CS5824/ECE5424 – Fall
计算机专业代写 Extension to Assignment 1, Question 2. Instead of simple linear regression, implement boosting to linear regression.
For all questions, submit both PDF and .ipynb file with all of your code and output. Both Colab and Jupyter are allowed. Please submit both files separately on Canvas, no need to submit a zip file. Late submissions incur a 0.5% penalty for every rounded up hour past the deadline for the first 24 hours and 0.6% penalty for every rounded up hour past the deadline for the second 24 hours. For example, an assignment submitted 5 hours and 15 min late will receive a penalty of ceiling(5.25) * 0.5% = 3%. A grade of zero will be given on the third late day.
Be sure to include your name and student number with your assignment.
1. [50 points] Boosting: 计算机专业代写
(a) Extension to Assignment 1, Question 2. Instead of simple linear regression, implement boosting to linear regression. Use the simple linear regression without any penalty.
i. [20 points] Does Boosting help improve the accuracy of linear regression? Give the detailed reasons on your assertions; both qualitatively and quantitatively. For the quantitative answer, prove the theory underlying your assertions mathematically.
(b) Implement Adaptive Boosting classifier with logistic regression as the base learner. Use the same dataset as that used for Assignment 1, Question 1. Feel free to use the scikit-learn package for this question (1b).
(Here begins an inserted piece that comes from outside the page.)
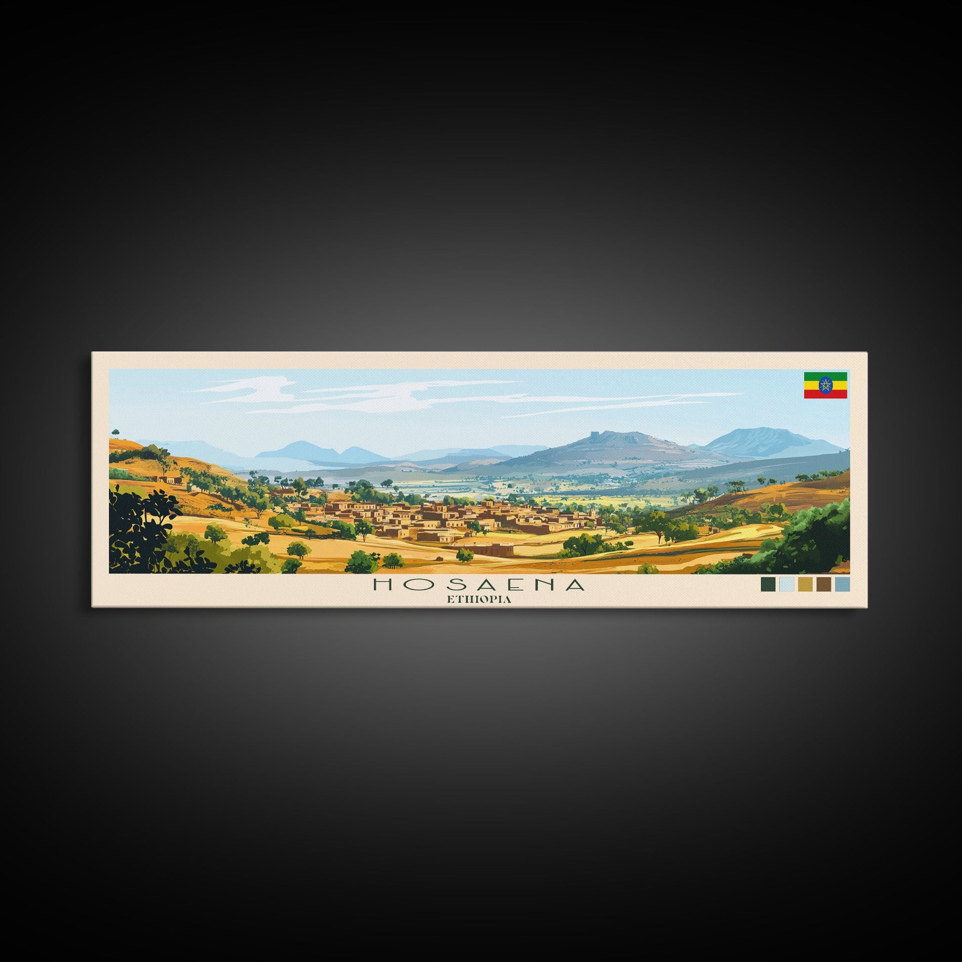Hosaena, Ethiopia Panoramic Travel Poster Canvas Print, Hosaena, Ethiopia Painting, Ethiopia Art, Hosaena Panoramic Travel Art, Travel Painting

i. [10 points] Submit your code for AdaBoost using logistic regression as a base learner.
ii. [10 points] Report the accuracy for all combinations of base learners and learning rates as follows:base learners (10, 25, 50) and learning rates (0.0001, 0.001, 0.01).
(c) [10 points] Is it possible to improve the performance of KNN using an AdaBoost ensemble classifier that uses KNN as the base classifier? Give the detailed (qualitative) reasons on your assertions.
2. [50 points] Bagging:
(a) [10 points] List two different ways for developing bagging ensembles and describe each method in a few words.
(b) Implement Bagging KNN classifiers from scratch. Feel free to use your code for KNN from Assignment
1. Use the same dataset from Assignment 1, Question 1. Split the dataset in the following way: 70% (training data) and remaining (30%) for validation dataset. Number of neighbors = 19, range of number of base learners = [2, 25]. Use bootstrap sampling: each bootstrap sample used to learn each base learner is
generated using random sampling with replacement, and should be of the same size as the training dataset used (70%).
i. [20 points] Submit your code for Bagging KNN classifier.
ii. [10 points] Report the training accuracy and the best number of base learners. Plot accuracy vs number of base learners.
iii. [10 points] Does Bagging on KNN help improve the accuracy? Give the detailed reasons for your assertions.
- For further clarification on the bootstrap sampling technique details, please check Section 2.2.1 (IID Resampling) in the paper: “A Resampling Technique for Relational Data Graphs” posted on resources and references on the assignment page.